22nd Secretary of National Defense of the Philippines
- In office October 3, 2003 – August 23, 2004
- President: Gloria Macapagal Arroyo
- Preceded by: Gloria Macapagal Arroyo (acting)
- Succeeded by: Avelino Cruz Jr.
- In office January 25, 2001 – March 19, 2001 (Acting Secretary)
- President: Gloria Macapagal Arroyo
- Preceded by: Orlando Mercado
- Succeeded by: Angelo Reyes

Member of the Philippine House of Representatives from Batangas's 1st congressional district
- In office June 30, 1992 – January 25, 2001
- Preceded by: Conrado Apacible
- Succeeded by: Eileen Ermita-Buhain

Personal details
- Born: Eduardo Ramos Ermita July 13, 1935 Balayan, Batangas
- Died: October 18, 2025 (aged 90) Batangas, Philippines
- Resting place: Libingan ng mga Bayani, Taguig, Metro Manila
- Party: Lakas (1991–2025)
- Spouse: Elvira Ramos
- Children: 4, including Eileen, Elisa Ermita Abad
- Alma mater: Philippine Military Academy
- Profession: Politician, government official, military officer

Military service
- Branch: Philippine Constabulary
- Service years: 1957–1988
- Rank: Lieutenant General
- Commands: Deputy Chief of Staff of the Armed Forces of the Philippines
- Conflicts: Moro conflict; Vietnam War; Coup attempts against Corazon Aquino; 1989 Philippine coup attempt; ;

= Eduardo Ermita =

Filipino military officer and politician (1935–2025)

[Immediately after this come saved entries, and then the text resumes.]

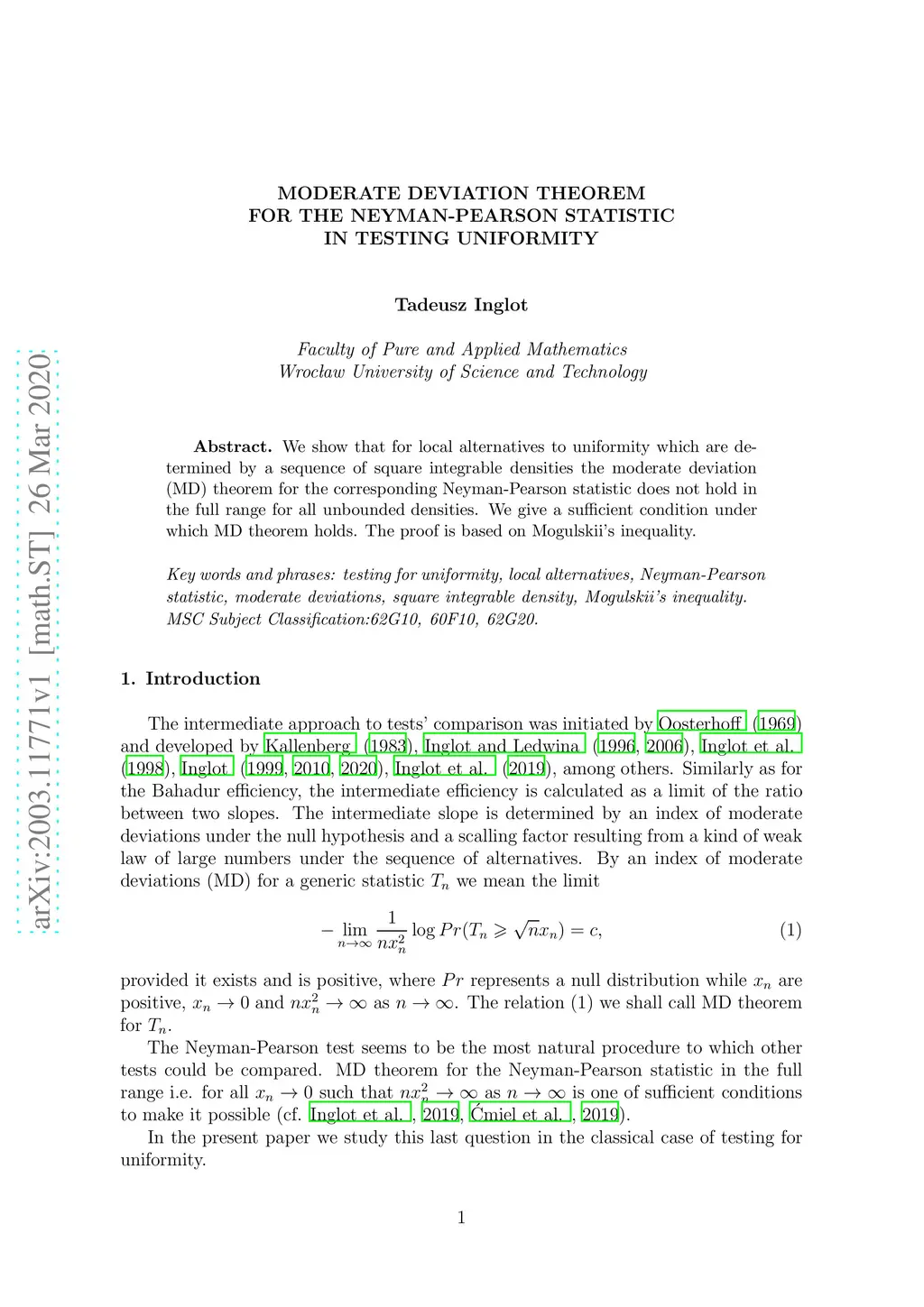 We show that for local alternatives to uniformity which are determined by a sequence of square integrable densities the moderate deviation (MD) theorem for the corresponding Neyman-Pearson statistic does not hold in the full range for all unbounded densities. We give a sufficient condition under which MD theorem holds. The proof is based on Mogulskii's inequality.
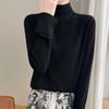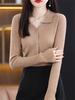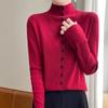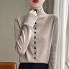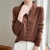 Cárdigan de punto de lana peinada para mujer, chaqueta de manga larga con hebilla, informal, sencilla y elegante, de color liso, con cuello medio alto, novedad de principios de otoño
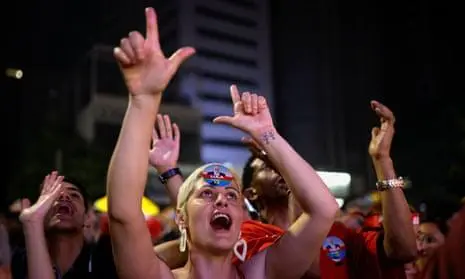 Lula supporters react to Brazilian election results. [Source: theguardian.com]
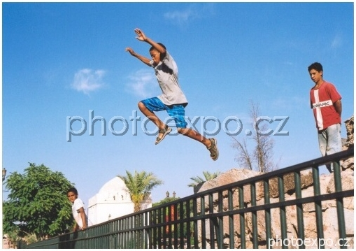 Skok jen pro mne. Marocký klučina mi předvádí své skokanské umění u mešity Kotoubia v pohádkové Marrakeshi.

Eduardo Ramos Ermita (July 13, 1935 – October 18, 2025) was a Filipino military officer and politician, who served as a Deputy Chief of Staff of the Armed Forces of the Philippines from 1986 to 1988, Executive Secretary of the Philippines from 2004 to 2010, spokesperson for President Gloria Macapagal Arroyo, and Member of the House of Representatives representing Batangas's 1st district from 1992 until 2001.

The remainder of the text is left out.